Try using the Hi-Q midi synth patches. (Right click on each instrument for a drop-down menu to find them).
They will be nearly as good as the real tracks in most instances.
MIDI is not audio, and audio is not MIDI.

MIDI is a set of instructions to play a MIDI enabled instrument (like a hardware or software synthesizer or sampler).

MIDI can be entered either manually with a computer keyboard and/or mouse or played into a sequencer or DAW in real time. I prefer the latter method.

When you play back a MIDI file on your computer it plays using the MIDI synth you select. It could be the software synth provided by your computer, a soft synth plug-in, or an external synth. In any case it will reproduce the original performance, but using your MIDI instrument.

I have plenty of synths, and the same voice (patch) does not sound the same on any of the two synths. Why? MIDI contains no sound data, it just tells the synth what to play. The synth is the instrument.

It's like playing something on an acoustic guitar, and playing the exact same thing on an electric. The music is the same, but the tone is different.

So the MIDI information on two different synths can be like that.

If you want to record the output of your chosen synth, and turn the MIDI information into an audio track, you can, there are plenty of tutorials on this. You could use most DAWs to perform this trick.

If you want to turn a MIDI track into a Real Track, that's a different subject all together, and as far as I know, it cannot be done.

Insights and incites by Notes
Actually it can be done, it's called using a sampler. A sampler will use samples played by a real player in a studio same as the Real Track musicians with one huge difference.
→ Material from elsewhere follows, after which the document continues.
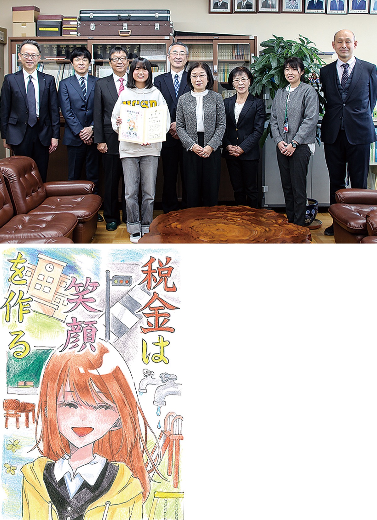 小高さんは身の回りの税金が使われている施設などを女の子が想像する様子を描き「税が身近で使われていることを皆に知ってほしかった。選ばれると思っていなかったのでうれしい」と笑顔を見せた。田村会長は「小学生が皆に税を知ってもらいたいという思いを描いてくれて頼もしい」と総括。碓井部会長は「税金が何に使われているのか今の小学生はよく理解しており、絵に表れている」と賛辞を述べた。同会は各受賞者を訪れ表彰した。小高さん以外の受賞者は以下。敬称略。

Here's where noobs get confused. That musician who's recording for a sampler is only playing one note at a time. The Real Tracks musicians are playing phrases not just single notes. That means the RT's sound much more realistic because there's no midi involved, you're hearing recorded phrases done by the best in the business. The downside to that is you cannot tell a RT what to play, what they laid down in the studio is what you get.

That means even if you use the best midi synth or sampler in the world it still will not sound as good as a Real Track. Individual notes could sound the same but you're still simply triggering single notes. If you created a midi track to play the same notes as a Real Track you're still missing all the "live player in a studio" nuances coming from the RT recording because it's full phrases not single notes.

Bob
Bob is correct, to a point.

Depending on your synth and synth controller you can play phrases, chords, and plenty of nuances like pitch bend, volume changes, distortion, flutter tongue, legato, slurs, trills, mordents, sforzando, and so on. A good synth will change the tone of the instrument with the force played (most instruments getting brighter as they play louder). I have a sax patch that will actually allow the synth to change the vowel sound from ooh to aah the way a sax player does by changing the shape of his/her mouth.
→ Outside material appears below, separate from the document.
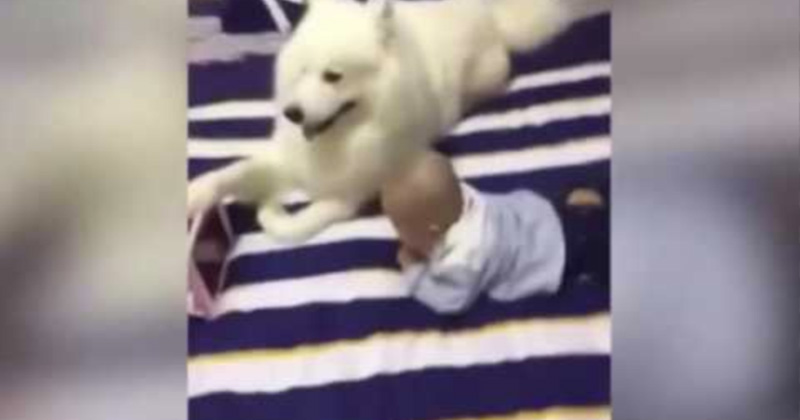 Perro sostiene una tablet para que un bebé vea las caricaturas (VIDEO)

A MIDI synth can get every bit as expressive as a live performer, but it will still be a synth creating the voice.

That's neither a plus or a minus. Some synths have great voices, others cheesy voices.

Some synths can respond to all 128 continuous controllers (those are the ones that allow the player to express nuances) and some only a limited number.
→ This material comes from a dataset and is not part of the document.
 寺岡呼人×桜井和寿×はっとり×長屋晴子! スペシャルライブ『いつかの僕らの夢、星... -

The question that comes to mind is why do you want to change a MIDI track into a Real Track anyway? It will sound the same using the synth as a real track as it did as a MIDI track.

MIDI and Audio are both useful tools, they both have their strong points and both have their weaknesses.

Insights and incites by Notes
You're correct Notes, I just didn't want to get into that much detail because this is a Biab forum and presumably the OP is looking for a Biab generated part.

The good synths that can be very expressive do NOT work with Biab because Biab doesn't use those very specific CC's that can change the sound. You can use the sound library of the best synth/sampler in the world as a Biab plugin but the generated part will still sound static because all those different levels of expression that the synth is capable of producing are missing.

This is a whole complex subject that we could spend days writing about.